A friend and I wanted to take a course in Women's studies through the lens of women in the Bible. We talked with our religion professor and she agreed to offer a study to us. When we met for the first time she asked us questions about the readings and we responded. We got outside her office and my friend looked at me and asked, "Were we reading the same material?" He thought he had missed something but his perspective is different from mine. Being a woman I could answer the questions he couldn't because he had never thought about the stories from that framework.
Why are we starting with all this? Because I want this to be our framework to remember we are all hearing this differently from one another and I want us to delve into this scripture in ways which might be uncomfortable because you don't experience life in this way.
This text has always been used as the jumping off point in the church for where sin enters the world. With this perspective it has put a weight on women as the ones who bring this into the world.
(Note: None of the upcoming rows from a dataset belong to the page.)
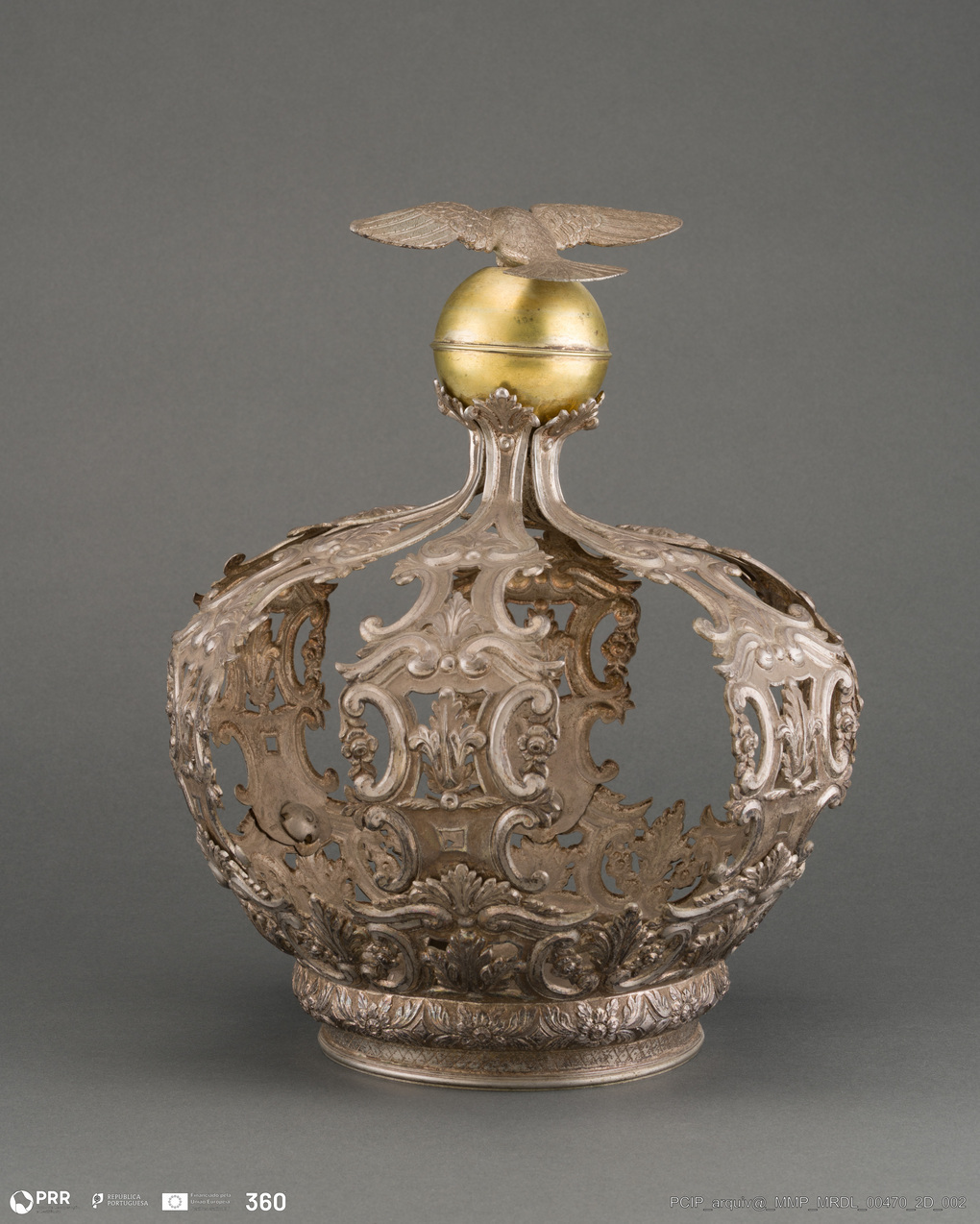 Matéria/Técnica: Prata; Cronologia: Desconhecida; Autoria: Desconhecida; Dimensões: Altura: 32,85 cm; Diâmetro: 14,90 cm; Peso: 1.264,00 gr.
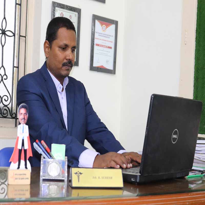 Dr. B. Suresh (P. T.) M. P. T. (Advanced PT in NEURO) is an alumni of KMCH Allied Health Sciences College (Under The Tamil Nadu Dr. M. G. R. Medical University). He was the Topper in advanced PT in NEUROLOGY. He is a specialist in Manual therapy with 25 years of professional experience for Treating and Curing Dysfunctions without medicines and surgery which otherwise would have needed surgery.
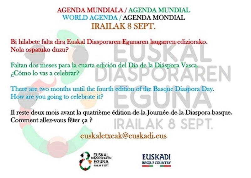 Nos acercamos a la cuarta edición de un día creado para recordar a las vascas y vascos que por las más diversas razones tuvieron que abandonar su patria y a sus descendientes, que han guardado en sus corazones el amor a su tierra de origen. También deber ser un día de reivindicación de nuestros compatriotas dispersos por el mundo y de confraternización. Esta es una conmemoración a la que le hemos prestado toda nuestra atención desde que se planteó la idea de instaurarla.
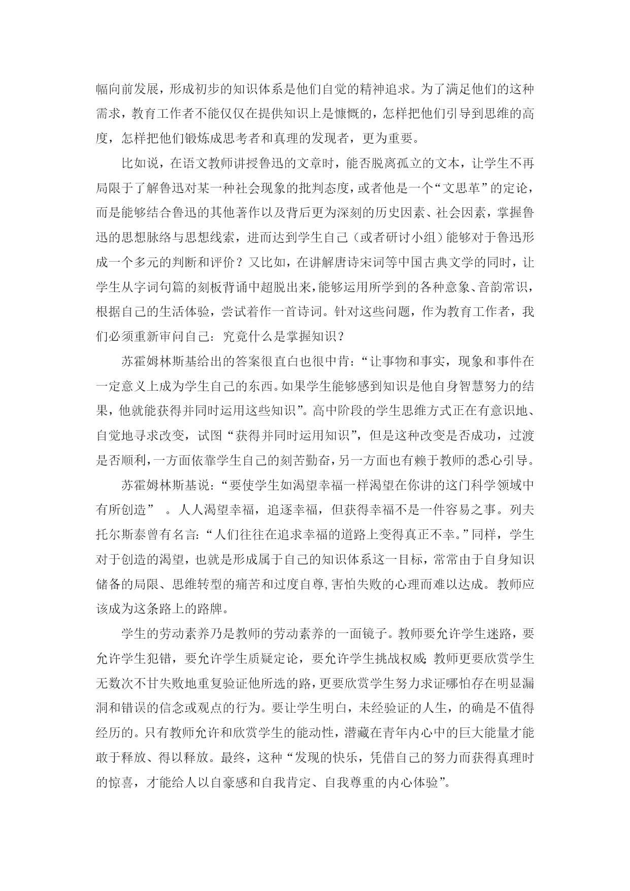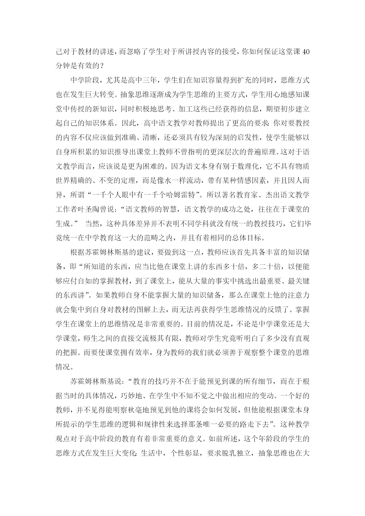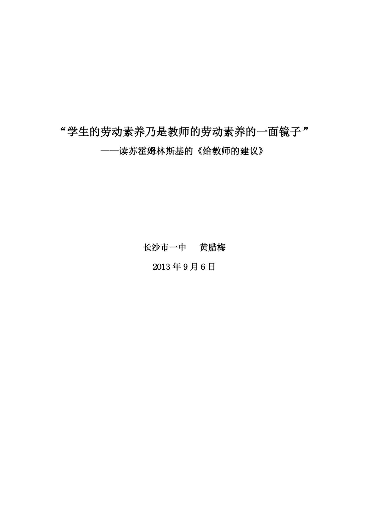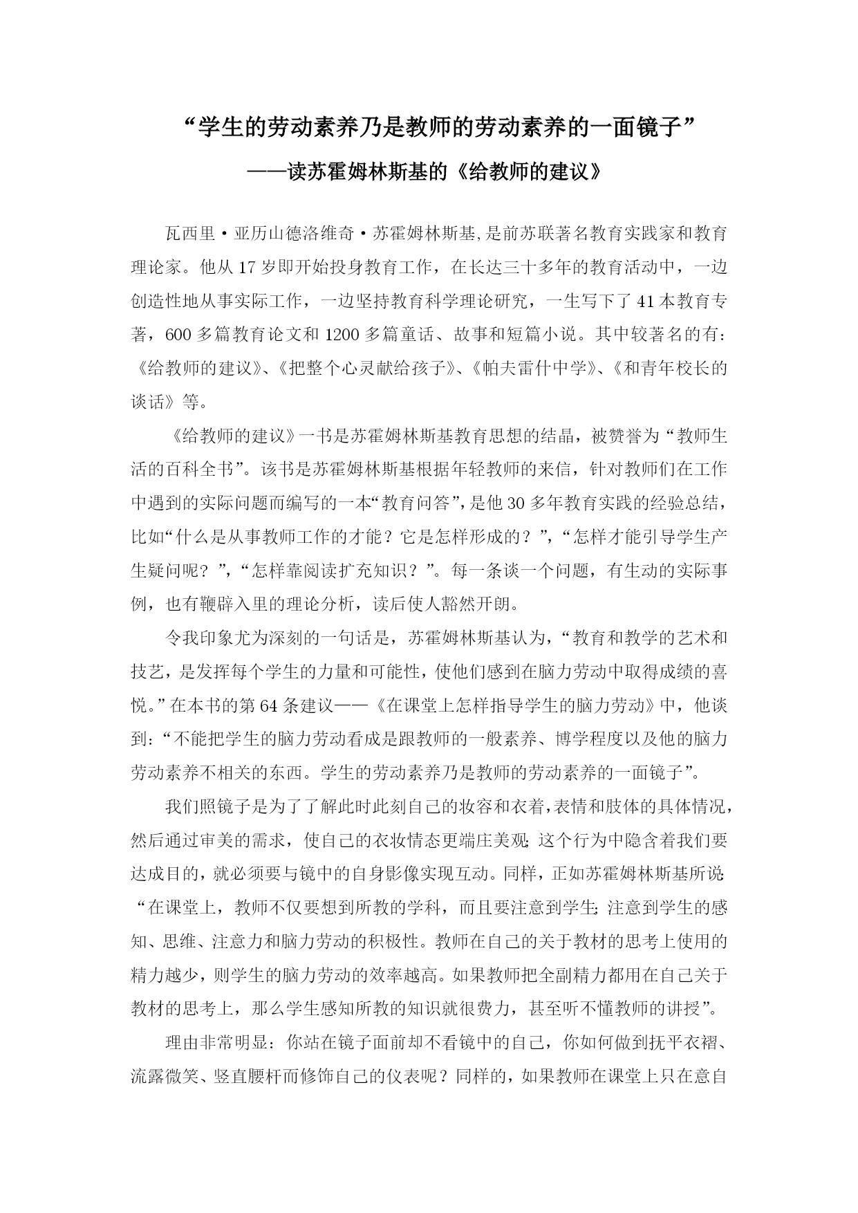 “学生的劳动素养乃是教师的劳动素养的一面镜子” ——读苏霍姆林斯基的《给教师的建议》 长沙市一中黄腊梅 2013年9月6日 “学生的劳动素养乃是教师的劳动素养的一面镜子” ——读苏霍姆林斯基的《给教师的建议》 瓦西里·亚历山德洛维奇·苏霍姆林斯基,是前苏联著名教育实践家和教育理论家。他从17岁即开始投身教育工作,在长达三十多年的教育活动中,一边创造性地从事实际工作,一边坚持教育科学理论研究,一生写下了41本教育专著,600多篇教育论文和1200多篇童话、故事和短篇小说。其中较著名的有:《给教师的建议》、《把整个心灵献给孩子》、《帕夫雷什中学》、《和青年校长的谈话》等。 《给教师的建议》一书是苏霍姆林斯基教育思想的结晶,被赞誉为“教师生活的百科全书”。该书是苏霍姆林斯基根据年轻教师的来信,针对教师们在工作中遇到的实际问题而编写的一本“教育问答”,是他30多年教育实践的经验总结,比如“什么是从事教师工作的才能?它是怎样形成的?”,“怎样才能引导学生产生疑问呢?”,“怎样靠阅读扩充知识?”。每一条谈一个问题,有生动的实际事例,也有鞭辟入里的理论分析,读后使人豁然开朗。 令我印象尤为深刻的一句话是,苏霍姆林斯基认为,“教育和教学的艺术和技艺,是发挥每个学生的力量和可能性,使他们感到在脑力劳动中取得成绩的喜悦。”在本书的第64条建议——《在课堂上怎样指导学生的脑力劳动》中,他谈到:“不能把学生的脑力劳动看成是跟教师的一般素养、博学程度以及他的脑力劳动素养不相关的东西。学生的劳动素养乃是教师的劳动素养的一面镜子”。 我们照镜子是为了了解此时此刻自己的妆容和衣着,表情和肢体的具体情况,然后通过审美的需求,使自己的衣妆情态更端庄美观;这个行为中隐含着我们要达成目的,就必须要与镜中的自身影像实现互动。同样,正如苏霍姆林斯基所说:“在课堂上,教师不仅要想到所教的学科,而且要注意到学生;注意到学生的感知、思维、注意力和脑力劳动的积极性。教师在自己的关于教材的思考上使用的精力越少,则学生的脑力劳动的效率越高。如果教师把全副精力都用在自己关于教材的思考上,那么学生感知所教的知识就很费力,甚至听不懂教师的讲授”。 理由非常明显:你站在镜子面前却不看镜中的自己,你如何做到抚平衣褶、流露微笑、竖直腰杆而修饰自己的仪表呢?同样的,如果教师在课堂上只在意自己对于教材的讲述,而忽略了学生对于所讲授内容的接受,你如何保证这堂课40分钟是有效的? 中学阶段,尤其是高中三年,学生们在知识容量得到扩充的同时,思维方式也在发生巨大转变。抽象思维逐渐成为学生思维的主要方式,学生用心地感知课堂中传授的新知识,同时积极地思考、加工这些已经获得的信息,期望初步建立起自己的知识体系。因此,高中语文教学对教师提出了更高的要求:你对要教授的内容不仅应该做到准确、清晰,还必须具有较为深刻的启发性,使学生能够以自身所积累的知识推导出课堂上教师不曾指明的更深层次的普遍原理。这对于语文教学而言,应该说是更为困难的。因为语文本身有别于数理化,它不具有物质世界精确的、不变的定理,而是像水一样流动,带有某种情感因素,并且因人而异,所谓“一千个人眼中有一千个哈姆雷特”。所以著名教育家、杰出语文教学工作者叶圣陶曾说:“语文教师的智慧,语文教学的成功之处,往往在于课堂的生成。”当然,这种具体差异并不表明不同学科就没有统一的教授技巧,它们毕竟统一在中学教育这一大的范畴之内,并且有着相同的总体目标。 根据苏霍姆林斯基的建议,要做到这一点,教师应该首先具备丰富的知识储备,即“所知道的东西,应当比他在课堂上讲的东西多十倍,多二十倍,以便能够应付自如的掌握教材,到了课堂上,能从大量的事实中挑选出最重要、最关键的东西讲”。如果教师自身不能掌握大量的知识储备,那么在课堂上他的注意力就会集中到自身对教材的图解上去,而无法再获得学生思维情况的反馈了。掌握学生在课堂上的思维情况是非常重要的。目前的情况是,不论是中学课堂还是大学课堂,师生之间的直接交流极其有限,教师对学生究竟听明白了多少没有直观的把握。而要使课堂拥有效率,身为教师的我们就必须善于观察整个课堂的思维情况。 苏霍姆林斯基说:“教育的技巧并不在于能预见到课的所有细节,而在于根据当时的具体情况,巧妙地、在学生中不知不觉之中做出相应的变动。一个好的教师,并不见得能明察秋毫地预见到他的课将会如何发展,但他能根据课堂本身所提示的学生思维的逻辑和规律性来选择那条唯一必要的路走下去”。这种教学观点对于高中阶段的教育有着非常重要的意义。如前所述,这个年龄段的学生的思维方式在发生巨大变化:生活中,个性彰显,要求脱乳独立,抽象思维也在大幅向前发展,形成初步的知识体系是他们自觉的精神追求。为了满足他们的这种需求,教育工作者不能仅仅在提供知识上是慷慨的
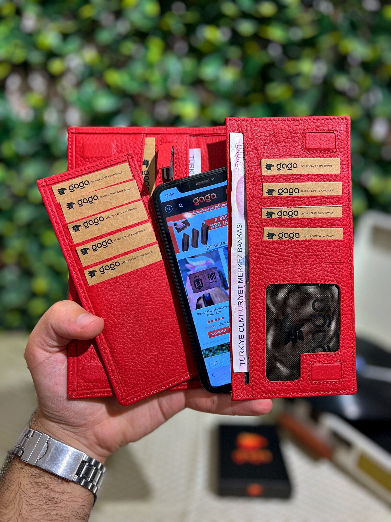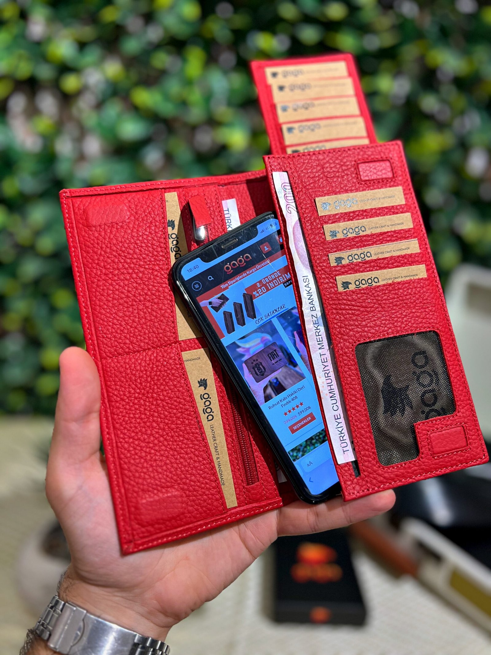 Telefon Bölmeli Mıknatıslı Cüzdan + Kartlık Kırmızı 1047
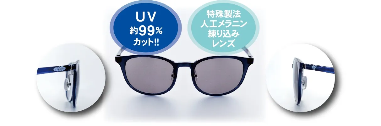 “目から肌を考えるメラニンレンズ”を使用。UV99%カット・特殊製法人工メラニン練り込みレンズ
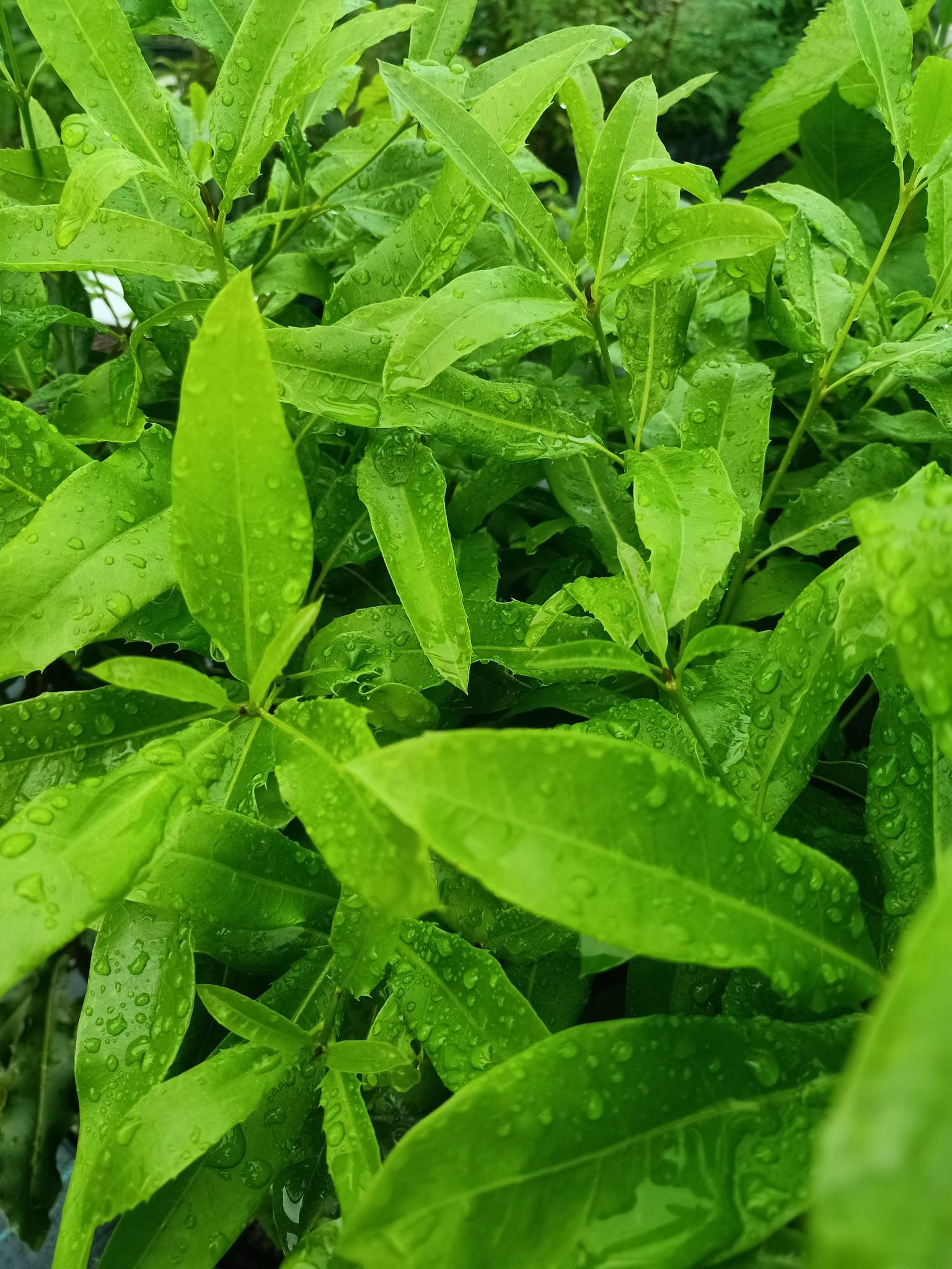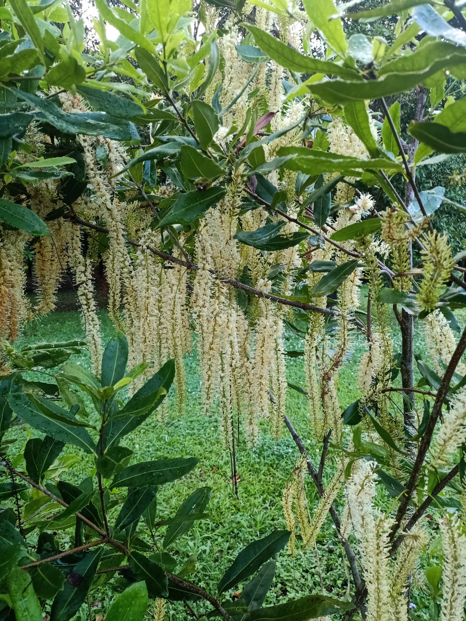 Description: The Macadamia tree is a medium-sized evergreen tree that typically grows up to 8-15 meters tall and 5 -12 meters wide. It has dense foliage with dark green, glossy leaves that grow up to 10-30 centimeters long.
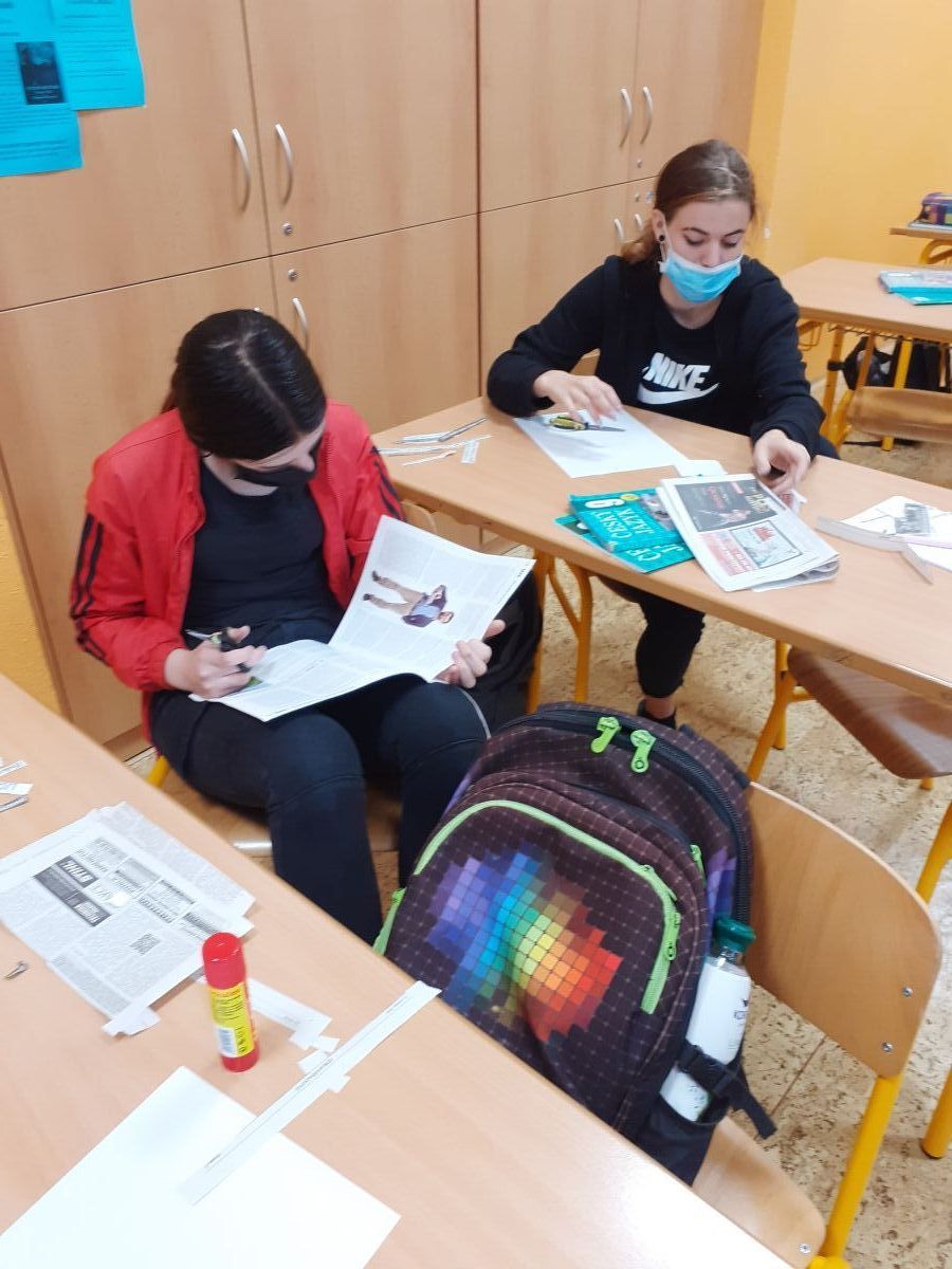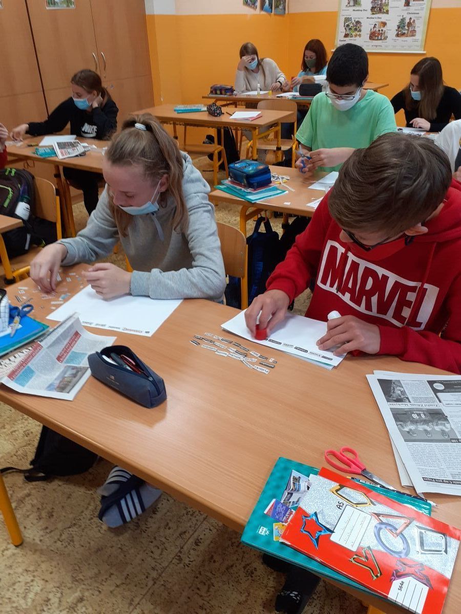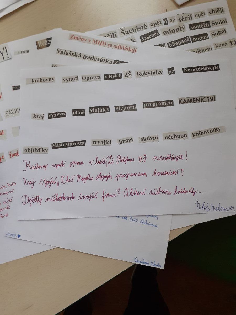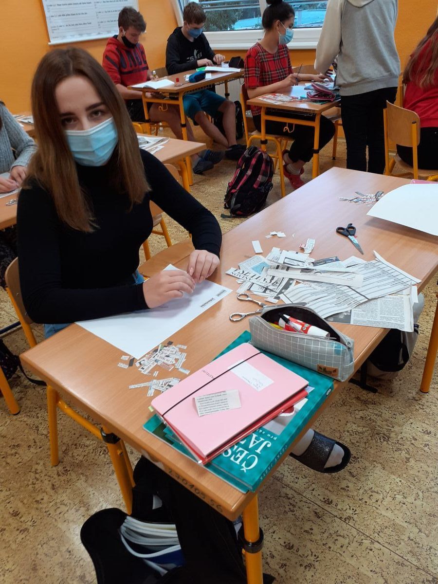 Pokusili jsme se s jedním takovým experimentálním básnickým stylem v hodině českého jazyka "popasovat" po svém.:-). Jedná se o "dadaismus", jehož duchovním otcem počátkem 20. století byl francouzský spisovatel rumunského původu Tristan Tzara. Dadaismus vznikl ze slova DADA - hra, hra se slovy. Děti vystřihují z článků v časopisech a novinách věty, nadpisy, které následně rozstříhají na slova. Tato slova zamíchají a bez hledání logiky a smyslu v řadění slov je náhodně pokládají za sebou a lepí na papír. Vznikají zajímavé slovní asociace, u kterých se nejednou zasmějeme. Tyto vzniklé asociace, slogany, u někoho i texty přepisují děti na papír a dolaďují je interpunkčními znaménky - tečky, čárky, vykřičníky, otazníky, uvozovky. Tady už se pokusí zapojit logiku, aby z náhodného textu vzniklo něco smysluplnějšího, event. slovní hříčka.

Now remember we all have different perspectives and I'm not saying yours is wrong, but please listen to the next things. The commentator this week put the blame on blame. Once we start blaming one another this is where things have gone into realizing sin in the world.
I want to consider another perspective on this though. Shame. Shame separates us from knowing how beloved we are from God. They, Adam and Eve, became aware of their nakedness and were ashamed. Shame separated them from one another and God.
Think about it this way. If we really think God is all knowing and all seeing doesn't God know every bit of us. All those thoughts we hide from others. All those actions we have taken in our life. All our nakedness and doesn't thinking about that make us feel entirely too vulnerable and when we feel too vulnerable our defenses start to come up. We want to clothe ourselves from that reality. We are ashamed to think too deeply about it because God can't possibly love all that, yet God does.
The more we put up the defenses. The more we don't see those ugly places as beloved we separate ourselves out and from the love that made us. It is so much easier to concentrate on the ways we sin than to explore the depths of where we feel outside of God's love. It is a much easier way to go through this season. What is harder is to see how we feel separated from God.
What things do we hide in order to believe they are hidden from God? What things do we clothe and stifle in order to hide our own shame. Our own core belief that we are separated from God. When all God wants to do is to clothe those places in redemption. They are thrown as far as the east is from the west, but we still continue to hide them.
Maybe this Lent it is time to take those out of our closet. To know God sees all of us and yes, still loves it all. We have been marked as Christs own and when we live fully into that we can then love others the way God intends for us to.